On Mon, 5 Oct 2009 02:14:51 +0000, Ted MacNEIL wrote:

>>I'm naive; enlighten me.  In what cases does userid differ from OWNER?
>
>OWNER is, I believe, the userid that submits the job.
>Having never used OWNER for anything, I can't truly say.
>
>>How can the programmer control these independently?
>
>USER= & PASSWORD= are valid JOB CARD parms.
>
OK.  I tried the experiment.  I submitted a job with USER=
different from the user submitting the job, and PASSWORD=
as parms on the JOB CARD.  SDSF shows the name from USER=
on the JOB CARD as OWNER.  "EXEC PGM=IEFBR14,PARM='&SYSUID'"
substitutes the USER= value from the JOB CARD for &SYSUID.

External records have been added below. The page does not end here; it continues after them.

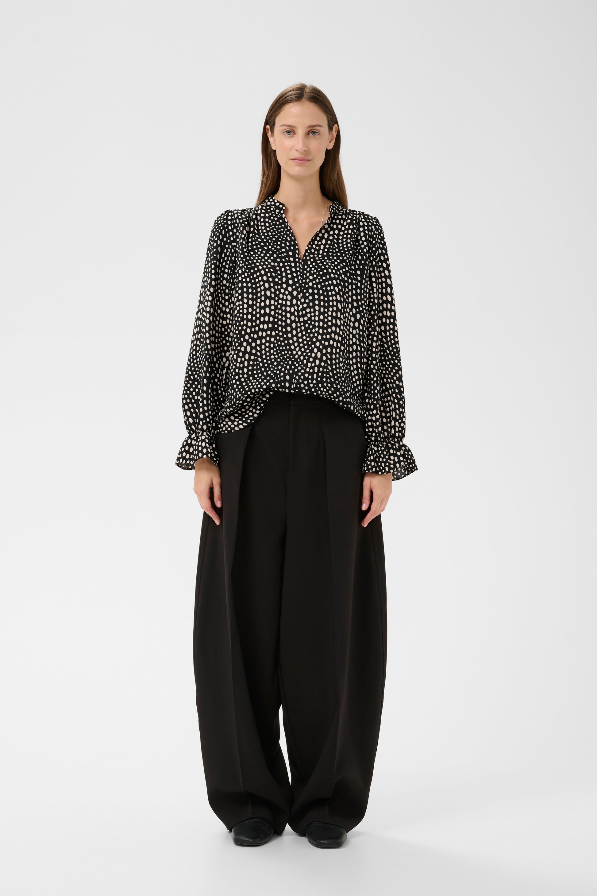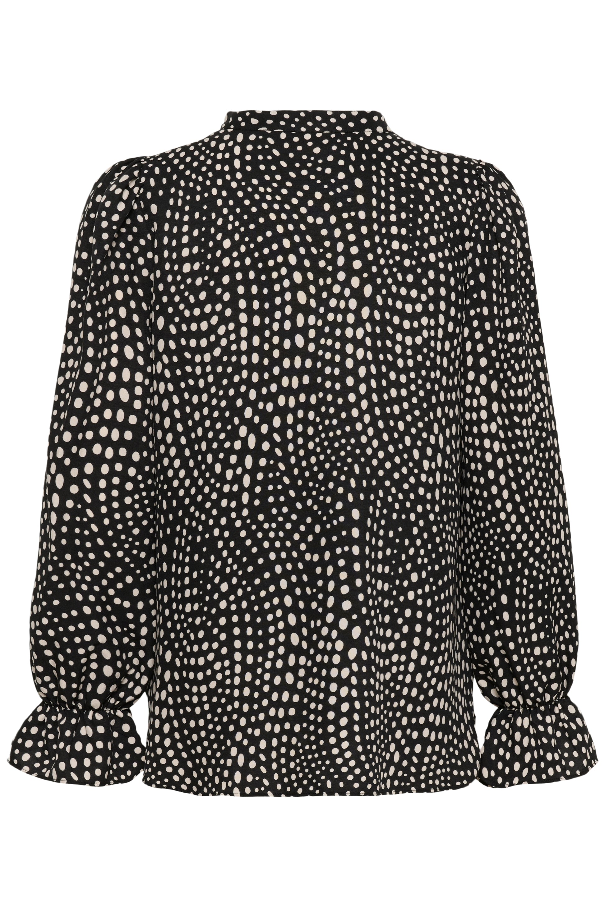 Lett fin bluse i sort med prikker i ecru. V-hals, lange ermer med strikk og avrundet kant. Kortere foran enn bak.
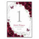 Burgundy silver and white Quinceanera celebration table number cards. Features, script font, silver butterflies, watercolor roses and tiara. Perfect for an elegant princess style glam celebration. Personalize with your own details. Printed Zazzle invitations or instant download digital printable template.
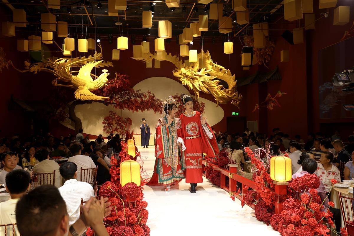 10月1日的大冶市天鹅礼宴中心,挂满红绸的大厅弥漫着桂花香。藏族姑娘索朗卓嘎戴上凤冠,穿上绣有并蒂莲裙摆的凤冠霞帔,眼里满是欢喜。“以前总听长辈说‘缘分天定’,而我的缘分是‘岗位’牵来的。”她笑着转头,正好对上一旁的新郎郑自国的目光。
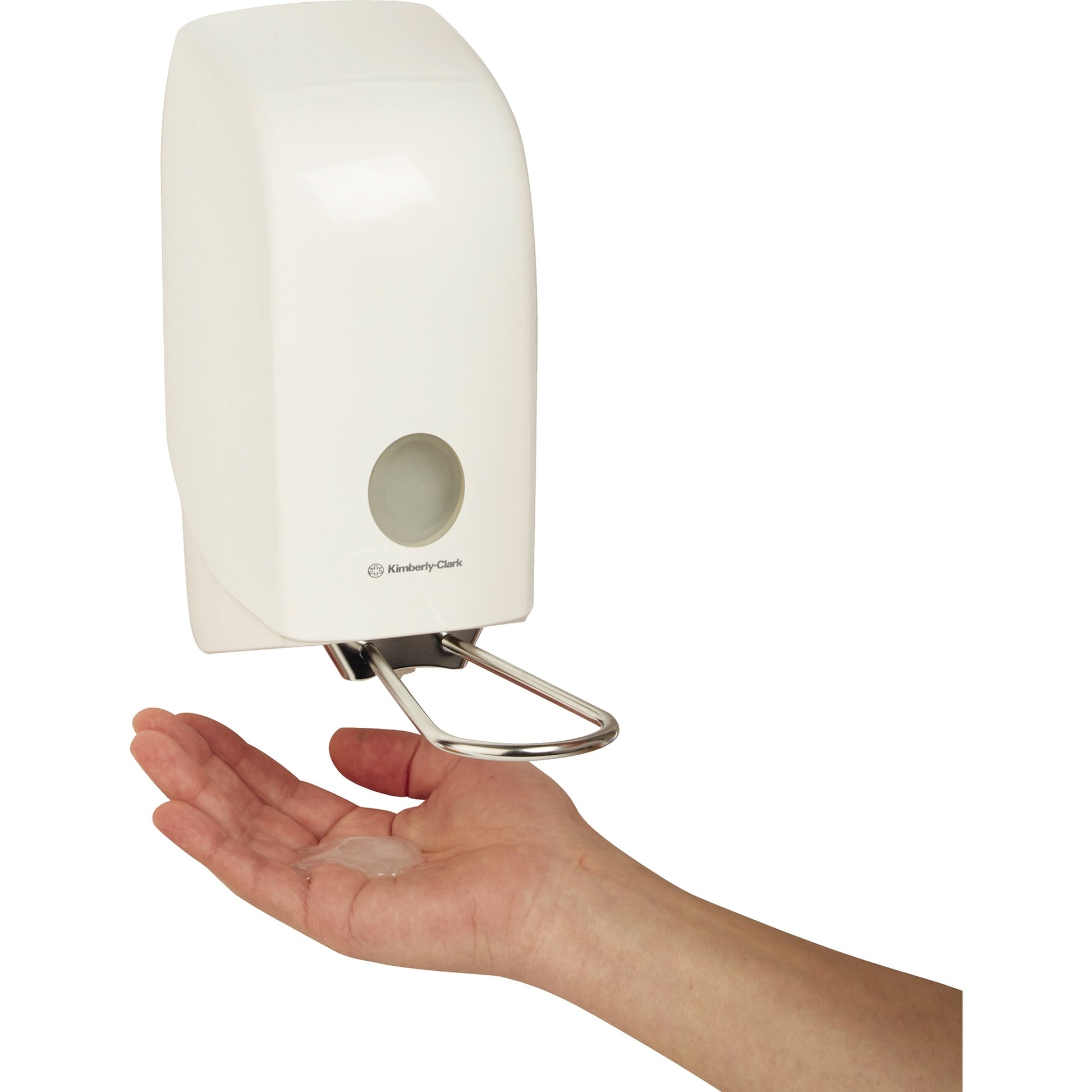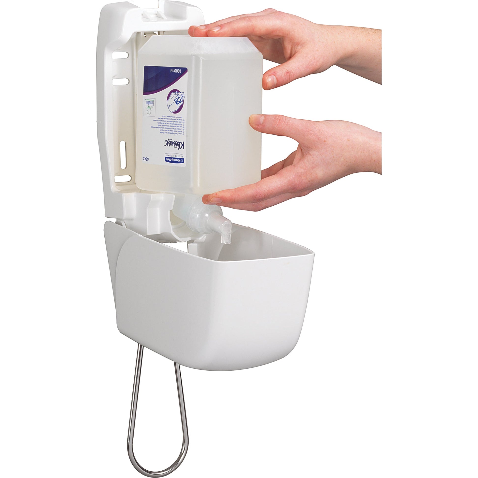 weißDer Flüssigseifenspender ist mit einer Vielzahl von Waschraumprodukten kompatibel und fördert Hygiene und Kostenbegrenzung durch eine kontrollierte Abgabe. Das elegante und moderne Design macht den Schaumseifepender zur perfekten Ergänzung für jede Waschraumumgebung. Der Wand- Seifenspender besticht durch abgerundete Kanten und kann leicht mit einem Wisch- oder Putztuch gereinigt werden. Die abgeschrägte Oberseite des Seifenspenders verhindert, dass sich Abfälle, Staub und Schmutz ansammeln. Der Kimberly Clark Seifenspender ist Teil unserer aufeinander abgestimmten Kollektion von Waschraumspendern und verleiht Ihrem Waschraum eine elegante und professionelle Optik. Seifenspender mit Armhebel.

Until someone shows me documentation or an example to the
contrary, I'll believe that OWNER is a synonym for userid.
Different components should always use different names for
the same entities -- it keeps programmers alert.  Or perhaps
it's just Conway's law again.

The MIS department (which I didn't work for) of a company that
employed me until four years ago had rules:

o Each employee's VM user ID was "V" followed by his six-digit
  employee number.

o Each employee's TSO user ID was "T" followed by his six-digit
  employee number.

PHB.  I suppose the PHB believed a programmer couldn't tell
whether he was logging on to CMS or to TSO except by whether
he typed an ID beginning with "V" or with "T".  (Well, if logs
were merged, it distinguished CMS sessions from TSO sessions.)
OTOH, it was an extremely poor choice because jobs submitted
via NJE from CMS to MVS wouldn't automatically pick up the
programmer's MVS ID.  PHB.

Given those conventions, I might say that a reasonable set of
job name rules would be:

o "P" is reserved as a prefix for production jobs.  No other
  job names may begin with "P".

o Job names beginning with "T" or "V" followed by six numeric
  digits are reserved for employees with those six-digit
  employee numbers.

o Otherwise, programmers are not restricted in their choice of
  job names.  Job names need not begin with the programmer's
  user ID.

Programmers who are possessive about jobnames would have their
enclave; other programmers have freedom of choice as long as
they stay out of the reserved enclave.